Wednesday, 18 July 2018: 16:15
Location: 104A (MTCC NORTH BUILDING)
Oral Presentation
Iris WIGGER, Loughborough University, United Kingdom
This research paper's main aim is to reflect on most recent developments in Germany’s media migration discourses and to critically examine the role of media in promoting racist representations of predominantly Muslim migrant men, and the discursive intertwining of racist and sexist patterns of discrimination within media discourses.

Germany’s media have been accused of spreading racist and sexist stereotypes especially of Muslim migrant men, after representing them as major challenge to society. In the wake of the European refugee crisis and Cologne New Year attacks, social controversies surrounding immigration have intensified nationally and internationally, with German media imagery of ‘lecherous refugees threatening German women’ exacerbating public debate.
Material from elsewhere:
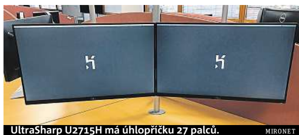
UltraSharp U2715H má úhlopříčku 27 palců.

Monitor zaujme úctyhodnou úhlopříčkou 27 palců a vysokým WQHD rozlišením (2560 x 1440 px). Obraz je díky němu neuvěřitelně ostrý a mnohem jemnější než třeba u dnes již standardního Full HD. Dalším trumfem je použitá IPS technologie, která nabízí přesnou reprodukci barev i široké pozorovací úhly. Pro optimální vizuální požitky je navíc monitor už z to-

Against this background, my project investigates the intersection of narratives of race, sex, violence and Islamophobia in representations of migrant men in a critical discourse analysis of three German newspapers/a Weekly in 2015-2016, uncovering their racialised, gendered and sexual dimensions and exploring historical connections between Islamophobia, anti-Immigrant sentiment and anti-Black racism.

My main research questions are: 1. How exactly do German print-media write about migrant Muslim men and what role do narratives of race, sex, violence and religion play in their representation? 2. To what extent are the concepts of race and sex linked in perceptions of male Muslim migrants in German media? 3. What does the structure of this discourse tell us about underlying stereotypes and ideologies associated with migrant Muslim men? 4. What is the historical, social, cultural and political context of this discourse and how does it reproduce existing power relations?

This British Academy/Leverhulme funded project is theoretically innovative and advances research. While several studies have focused on representations of migrants in the media, only few have studied intersectionalities of discrimination in them, and even fewer have attempted to look at these in historical context.